Unit Tests Manage Complexity

Unit testing is more than a design tool, not just a practice that enhances quality, it is a tool for managing complexity.

A proper, well-written unit test isolates a particular piece of behavior, and the code that implements it, from all the unnecessary surrounding context of the running system. The unit test focuses on an aspect of the code in a way that frees the programmer from the need to build and maintain a complex mental picture of the running system. A programmer doesn't have to "hold it all in her head". Where before a programmer might have had to slowly build up a detailed mental model of the executing logic in order to understand the complex behavior sufficiently to (manually) evaluate and compare the results of a test run with the expected behavior, a good unit test narrows the scope of what the programmer must comprehend to something so simple that evaluating it can be done quickly and repeatedly, as often as necessary, automatically.

This narrow and simple focus makes it easer to achieve and recover "flow", and less costly to lose it because of interruption. It becomes so easy to maintain flow that it is possible for two programmers to work together in a combined state of flow.

The unit defined by a test represents a locally self-contained element of simple behavior. If something is too hard to test, that is a strong indication that it is not simple enough. The programmer needs to remove excess behavior from the context until the code being tested represents a unified conceptual whole.

In my early days as a programmer, the usual process consisted of

  1. thinking a while about the problem until I had a notion about how an implementation might look.
  2. writing a bunch of code that seemed like a correct solution at a high level
  3. fixing syntax errors until the code compiled
  4. fixing bugs until the code produced the correct output.
  5. dropping down to a lower level and repeating.
I called this "top-down design".

As the code grew and became more detailed, starting up the system and running through the steps to verify the latest changes meant keeping more and more context in my head. This context includes things like what had just been done, what this run was supposed to have working, and what might break. It was a lot of work to get into flow, it was not easy to maintain, and it was easy for distractions to break flow.

Test-driven development breaks the work down into tiny chunks of independent function that don't require a complex mental context of logic to be in the programmer's head.

Before TDD: A programmer had to keep a complex logical context in a mental model. With TDD: The programmer only keeps a simple context of making the next test pass.

Before TDD: Build and run the entire system, manually check the behavior, set debug breakpoints, and try to remember what was being worked on. With TDD: Build the piece being worked on, run the one test that is failing, have the behavior checked automatically, understand why the test fails. Do something simple to make the test pass. Repeat.

permanent link

Tue, 31 Aug 2004

Am I a bad software engineer?

To some, I'm sure this makes me a terrible software engineer. I know how to draw UML diagrams but I can never get all the details of the design right in them ahead of time. Whenever I go to code there's always some aspect of the environment, language, or specification that I forgot to take into account, didn't know about, or that wasn't clear. By the time I'm done creating the working code the original diagram is at best schematic, and sometimes just flat wrong.

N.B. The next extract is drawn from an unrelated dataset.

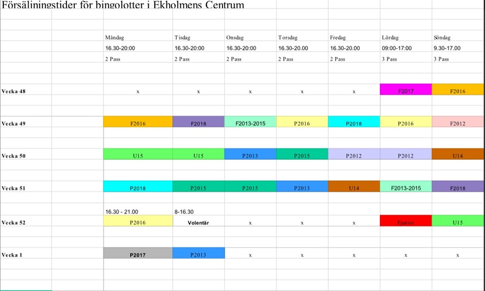 Jag har försökt strukturera upp detta så att vi tar varsitt pass enligt den laglista som finns på hemsidan. Vi har alltså tilldelats passen Tisdag 2/12 v.49 samt Söndag 21/12 v.51 (se bild). Passen består av 2 "barn"/tillfälle där varje "barn" har strax under 2 timmar/pass (varierar något) att sälja Bingolotter, Kalendrar osv. Har ni inte möjlighet specifik tid, så ansvarar ni själv för att byta tid med någon annan.

Some people seem to want to try to get it all thought out up front, but I'm not good enough, so for me software development has to take into account the things that emerge during an actual coding session. I try to write unit tests first, to guide my thinking and focus my attention. Making the tests pass means taking into account, on at a time, those details that were too numerous to collapse into a design diagram.

The forethought necessary to draw some diagrams is a good way to think about how to start, but it tends to get thrown out as soon as I start getting code actually written. The working code in the end stands for itself, not some preconceived notion of it, if that preconception turns out to be inaccurate. As one thoughtful friend of mine wrote, to force the code do so is "like deciding you want a pianist before having a child".

permanent link

Sun, 29 Aug 2004

Objects for "Newbies"

Simple coding tips for junior to intermediate programmers new to objects.

Consider this exercise -- take a substantial piece of good procedural code and turn every function into a class. Not necessarily with the goal to produce an ideal implementation, but to explore the nature of objects.

permanent link

Sun, 01 Aug 2004

RubyCocoa TestRunner on RubyForge

Open source, ruby, and unit testing

I shipped the code for my RubyCocoa testrunner off to RubyForge this weekend. CRTestRunner is a graphical TestRunner for Ruby's Test::Unit. It provides an interface similar to jUnit's for running ruby unit tests. Visit the project home, download, try it out. It requires RubyCocoa and ruby 1.8. Of course it only runs on OS X.

Much thanks to Chad Fowler for his encouraging feedback, and Rich Kilmer of RubyForge for excellent advice on dealing with a failed require on test load.

permanent link

Tue, 20 Jul 2004

When DBAs Go Bad

Sometimes the motives of DBAs are inscrutable, and it's hard to understand what the good intention could be that drives a bad solution. Martin Fowler has written on the gap between database-oriented software developers and in-memory application software developers and the conflicts resulting. What some have termed DBAs Gone Bad.

A recent situation I'm aware of appears to demonstrate a specific case of the conflict and problems.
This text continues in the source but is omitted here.